I call it the “Time Sucks Paradox.”

So this year, both for science and to prolong the season, I am embarking on a grand experiment to slow down time. And I encourage you to try with me. If you do, you need to get a white lab coat, some goggles and some chemistry beakers … just for effect. Keep a little notebook with observations and let your hair go nuts like Einstein’s.

Here’s how we’ll do it: Like a little kid — a desperate, anxious, unbearable, I-would-sell-my-parents-to-the-pirates-if-time-would-speed-up kid — you have to want Christmas to come so bad that you fear your butt will fall off. That’s the secret, OK. That your BUTT WILL FALL OFF! Because that’s the way a little kid thinks. That patience is for fools, and that some body part will inexplicably come unattached if they don’t get what they want right away. But, remember? As a kid, the more you wanted Christmas, the longer it took. See? It will work!

But you can’t just say it — you have to live it! Every morning you have to wake up, rollover to your loved one and ask, “Is it Christmas morning yet?!?”

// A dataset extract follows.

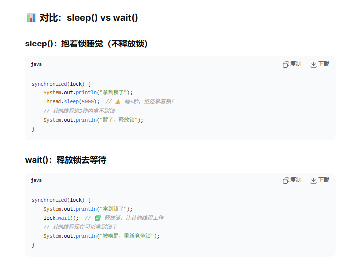 ▶(虽然都能设置超时时间,但是wait的设计主要还是为了提前唤醒,设置超时时间是后手选择;而sleep的设计是为了到时间才唤醒,设置超时时间是更必要的)

You have to pout and stomp your feet and generally make a complete jerk of yourself in front of respectable people. In meetings at work you have to say things like, “This is just drivel! I have more important things to do … like watching the clock.” Then storm out.

Every bit of your energy, every ounce of your being, every waking minute of your day must be expended on a grand quest to speed up time.

In turn, and if my theory holds — done a LOT of calculations on this one, folks — time will actually slow to a crawl. Pretty good, huh?

We will be able to enjoy the season at a reasonable pace, holding onto those precious moments that normally slip through in a flash. This might be the solution to the age-old riddle of time.

So, start right now and repeat after me: “Dang! Isn’t it Christmas already! Better get here soon … or my butt will fall off!”